INPUT MATERIAL Block Start
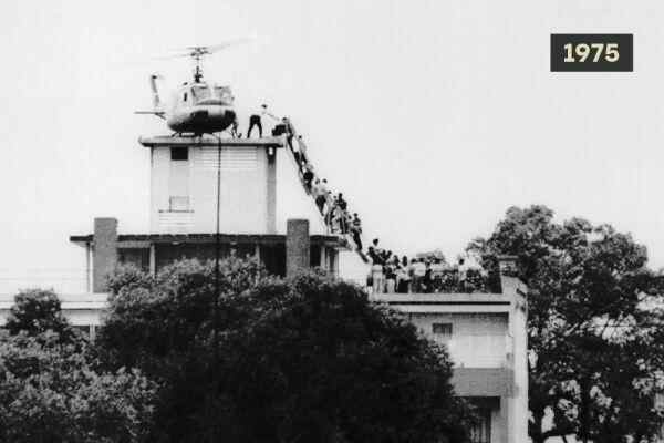 ▲1975年4月19日,北越20万大军将西贡包围得水泄不通,要求所有美国军事顾问必须全部撤离越南。从29日到30日,美国只能用直升机在大使馆顶楼撤离人员,现场一片混乱。
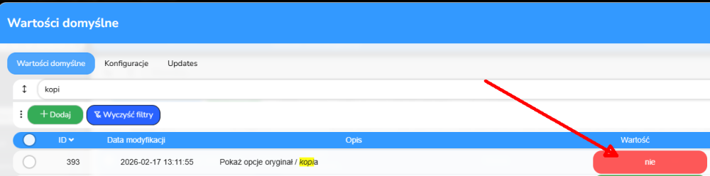 2026-02-17 13:19:12Aby aktywować na wydruku oznaczenia „Oryginał” i „Kopia”, przejdź do: Menu → Ustawienia → Wartości domyślne → Pokaż opcję oryginał/kopia. Następnie zaznacz tę opcję kliknij edytuj i ustaw jej wartość na „Tak”.
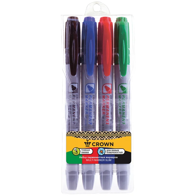 Набор перманентных маркеров Crown 'Multi Marker Slim' - универсальное решение для маркировки на всех типах поверхностей: металл, дерево, резина, бетон/камень/кирпич, стекло, пленка, картон и др.
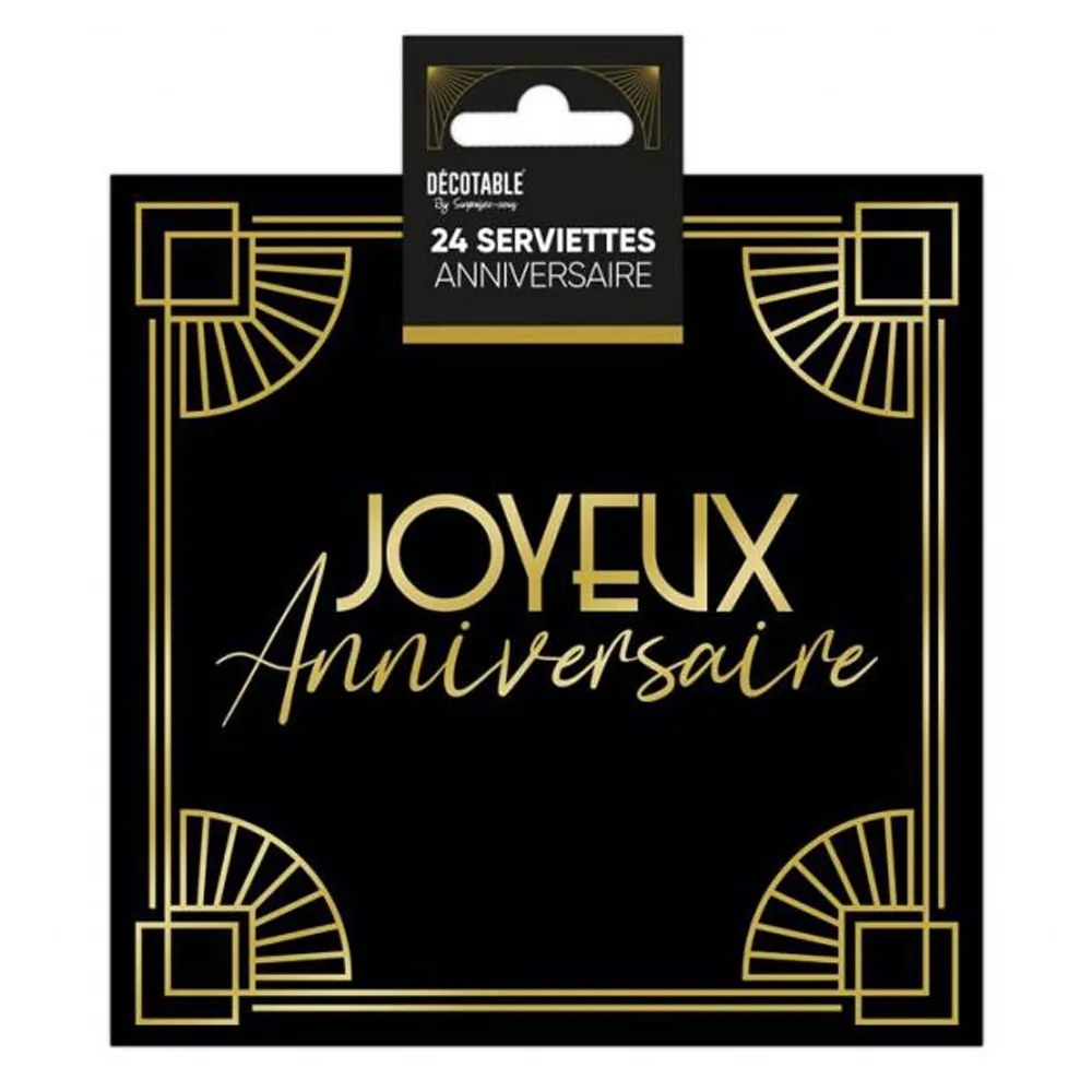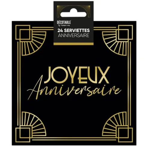 Lot de 24 serviettes papier thème Art Déco Joyeux Anniversaire de couleur noires et dorées. Pour donner un air rétro style années 1920 à vos tables de fête.
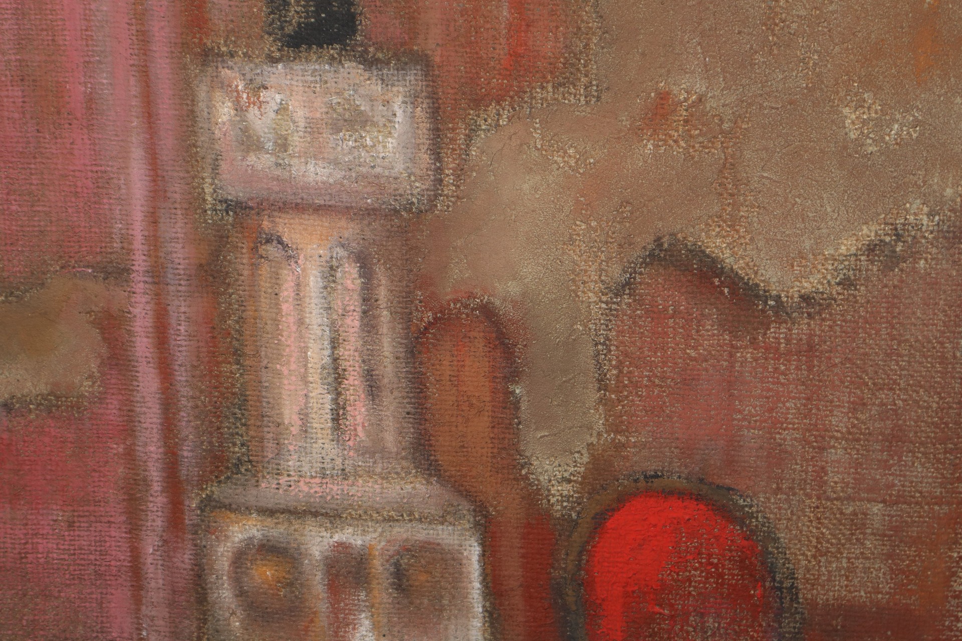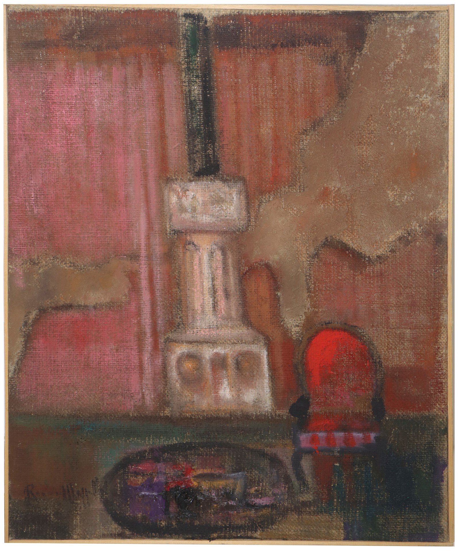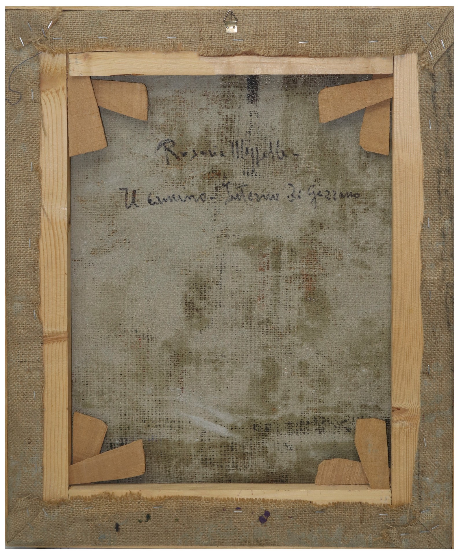 Rosario Mazzella (Napoli 1932-2021) - Il camino-interno di Gezzano cm 60 x 50 Tecnica mista su tela di iuta
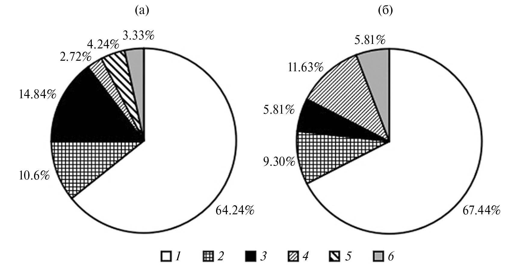 Рис. 4. Процентное соотношение цветов частиц МП в тканях рыб (а) и ракообразных (б). 1 – сине-фиолетовый цвет, 2 – красный, 3 – черный, 4 – зеленый, 5 – желтый, 6 – другой.
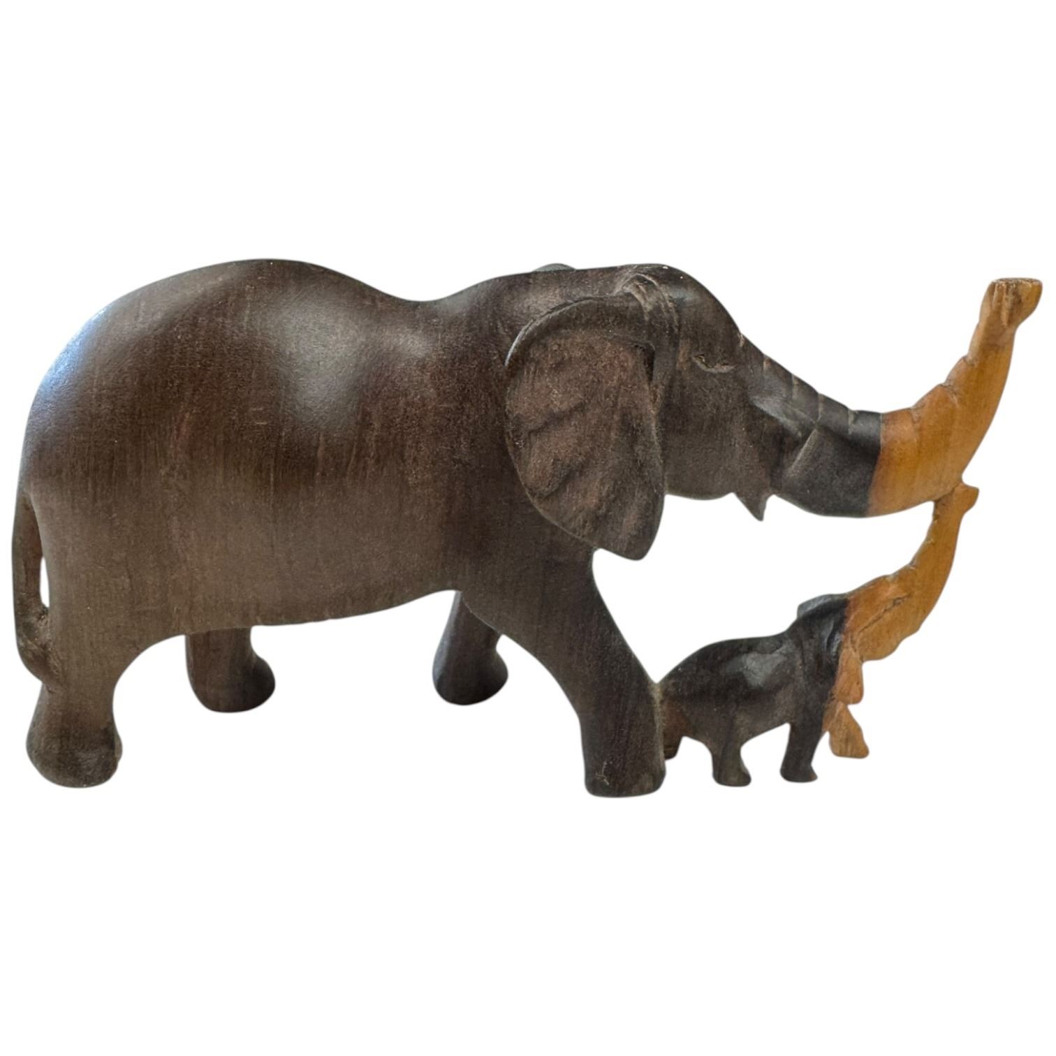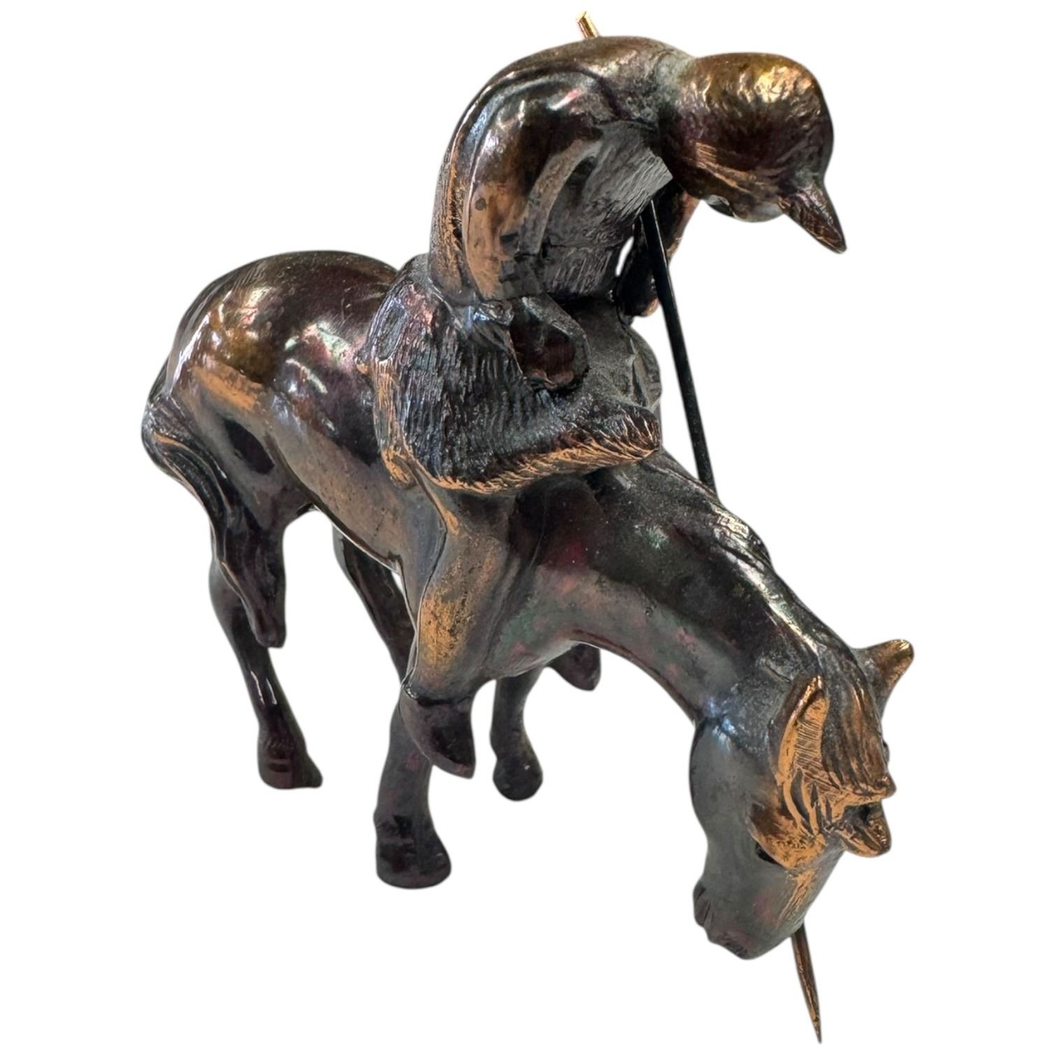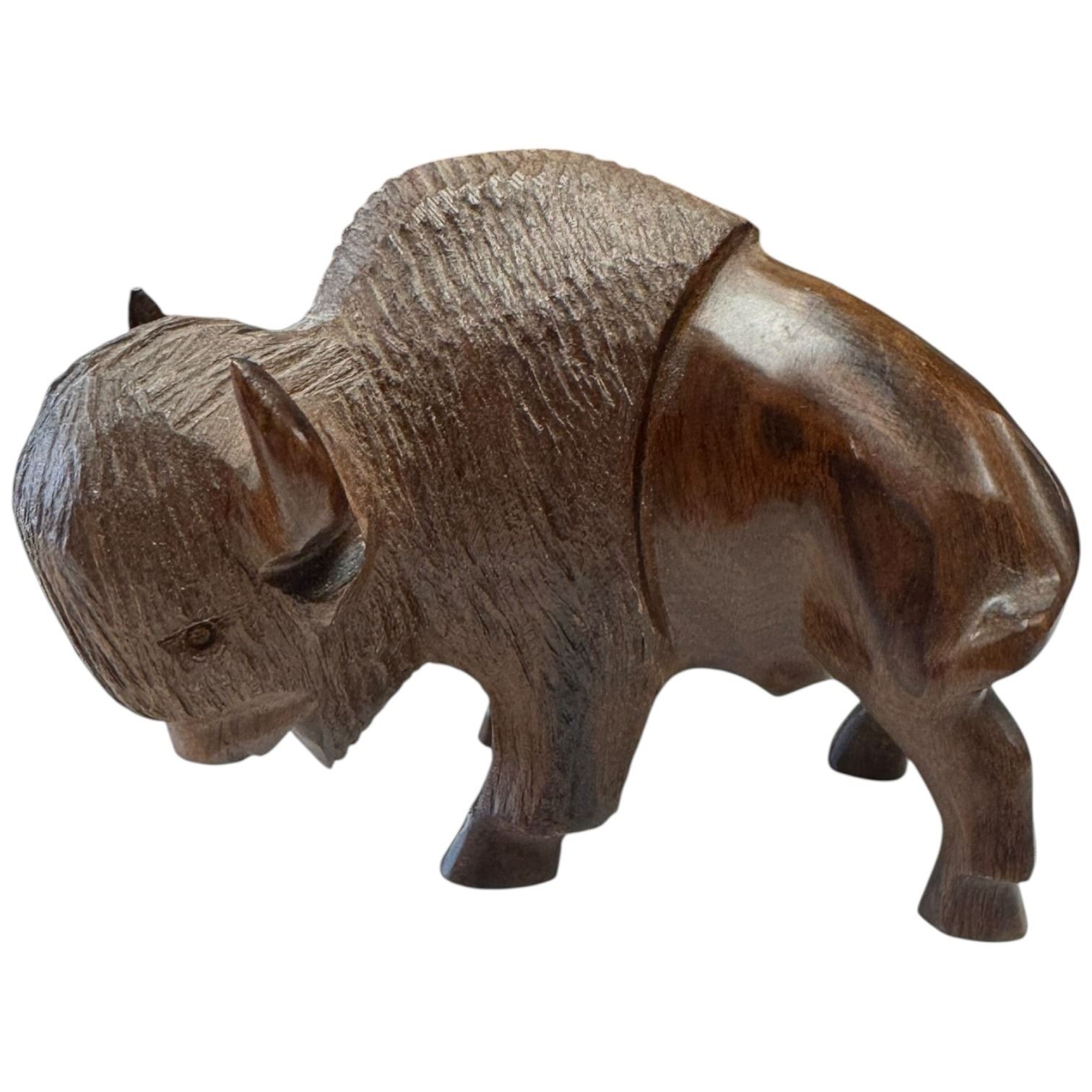 Carved Wood Buffalo & Elephant Statuette & Mini Copper Hunter on Horse (Buffalo is 4" x 6" x 4" tall)
INPUT MATERIAL Block End
◆ WHAT THIS TASK INVOLVES: Begin the copy at the line containing "Набор перманентных маркеров" and end it at the last line of the records; transcribe exactly and exclude pictures.

◆ ANSWER:
 Набор перманентных маркеров Crown 'Multi Marker Slim' - универсальное решение для маркировки на всех типах поверхностей: металл, дерево, резина, бетон/камень/кирпич, стекло, пленка, картон и др.
 Lot de 24 serviettes papier thème Art Déco Joyeux Anniversaire de couleur noires et dorées. Pour donner un air rétro style années 1920 à vos tables de fête.
 Rosario Mazzella (Napoli 1932-2021) - Il camino-interno di Gezzano cm 60 x 50 Tecnica mista su tela di iuta
 Рис. 4. Процентное соотношение цветов частиц МП в тканях рыб (а) и ракообразных (б). 1 – сине-фиолетовый цвет, 2 – красный, 3 – черный, 4 – зеленый, 5 – желтый, 6 – другой.
 Carved Wood Buffalo & Elephant Statuette & Mini Copper Hunter on Horse (Buffalo is 4" x 6" x 4" tall)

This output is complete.